- **Entries provided**
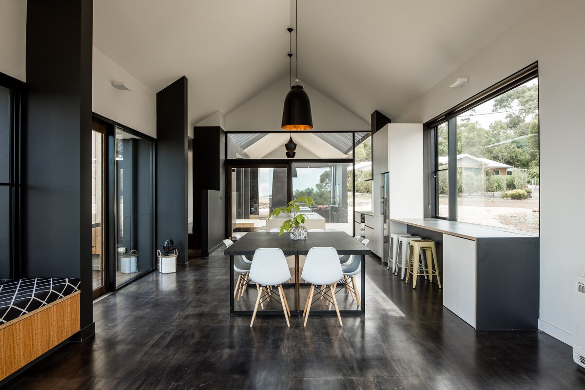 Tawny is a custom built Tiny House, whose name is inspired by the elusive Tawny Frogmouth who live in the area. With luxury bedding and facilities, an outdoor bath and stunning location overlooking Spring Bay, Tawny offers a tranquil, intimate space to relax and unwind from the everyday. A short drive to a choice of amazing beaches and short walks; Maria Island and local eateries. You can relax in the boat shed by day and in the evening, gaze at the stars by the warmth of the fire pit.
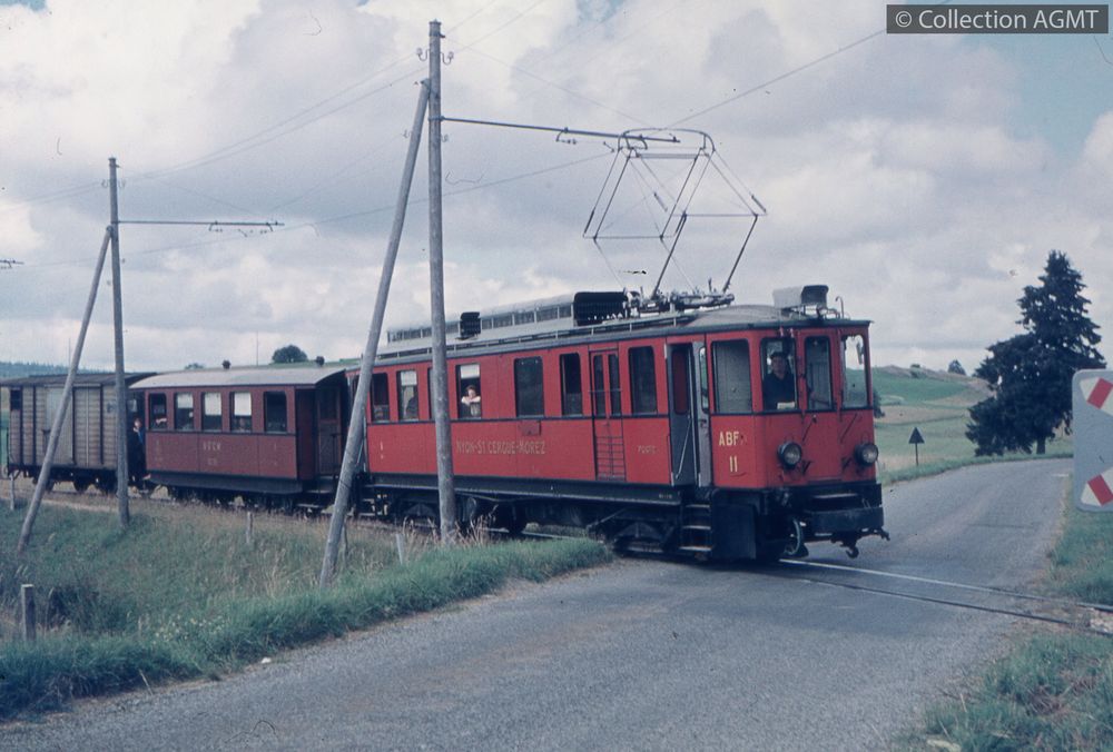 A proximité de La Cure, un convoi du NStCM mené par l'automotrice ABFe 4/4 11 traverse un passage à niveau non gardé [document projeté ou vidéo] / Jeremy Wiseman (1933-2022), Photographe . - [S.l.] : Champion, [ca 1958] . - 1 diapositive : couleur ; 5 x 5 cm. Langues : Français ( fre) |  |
--
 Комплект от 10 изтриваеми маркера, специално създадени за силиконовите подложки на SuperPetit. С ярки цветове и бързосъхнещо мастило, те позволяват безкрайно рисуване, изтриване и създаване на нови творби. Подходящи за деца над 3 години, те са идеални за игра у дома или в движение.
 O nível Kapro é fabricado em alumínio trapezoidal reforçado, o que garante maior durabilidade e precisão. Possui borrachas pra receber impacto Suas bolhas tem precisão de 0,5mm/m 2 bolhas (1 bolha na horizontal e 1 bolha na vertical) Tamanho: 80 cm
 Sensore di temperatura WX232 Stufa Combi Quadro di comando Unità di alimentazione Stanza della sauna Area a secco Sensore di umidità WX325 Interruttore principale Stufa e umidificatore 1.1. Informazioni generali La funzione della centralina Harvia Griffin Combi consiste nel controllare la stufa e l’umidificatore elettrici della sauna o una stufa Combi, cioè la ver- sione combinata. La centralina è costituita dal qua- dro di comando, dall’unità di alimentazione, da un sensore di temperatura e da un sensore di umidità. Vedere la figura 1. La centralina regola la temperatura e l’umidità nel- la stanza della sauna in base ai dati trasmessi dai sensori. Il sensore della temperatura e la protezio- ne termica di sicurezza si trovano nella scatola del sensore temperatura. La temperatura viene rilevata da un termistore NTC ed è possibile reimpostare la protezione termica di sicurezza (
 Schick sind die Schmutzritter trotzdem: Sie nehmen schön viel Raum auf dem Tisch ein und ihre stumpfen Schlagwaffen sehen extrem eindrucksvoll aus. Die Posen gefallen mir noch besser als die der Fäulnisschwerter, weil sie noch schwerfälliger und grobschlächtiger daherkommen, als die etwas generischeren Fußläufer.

- **Exercise brief**
Give the lines above again exactly, from the one containing "Tawny is a custom" to the one containing "A proximité de", both included, but leave out the pictures.

- **Task output**
 Tawny is a custom built Tiny House, whose name is inspired by the elusive Tawny Frogmouth who live in the area. With luxury bedding and facilities, an outdoor bath and stunning location overlooking Spring Bay, Tawny offers a tranquil, intimate space to relax and unwind from the everyday. A short drive to a choice of amazing beaches and short walks; Maria Island and local eateries. You can relax in the boat shed by day and in the evening, gaze at the stars by the warmth of the fire pit.
 A proximité de La Cure, un convoi du NStCM mené par l'automotrice ABFe 4/4 11 traverse un passage à niveau non gardé [document projeté ou vidéo] / Jeremy Wiseman (1933-2022), Photographe . - [S.l.] : Champion, [ca 1958] . - 1 diapositive : couleur ; 5 x 5 cm. Langues : Français ( fre) |  |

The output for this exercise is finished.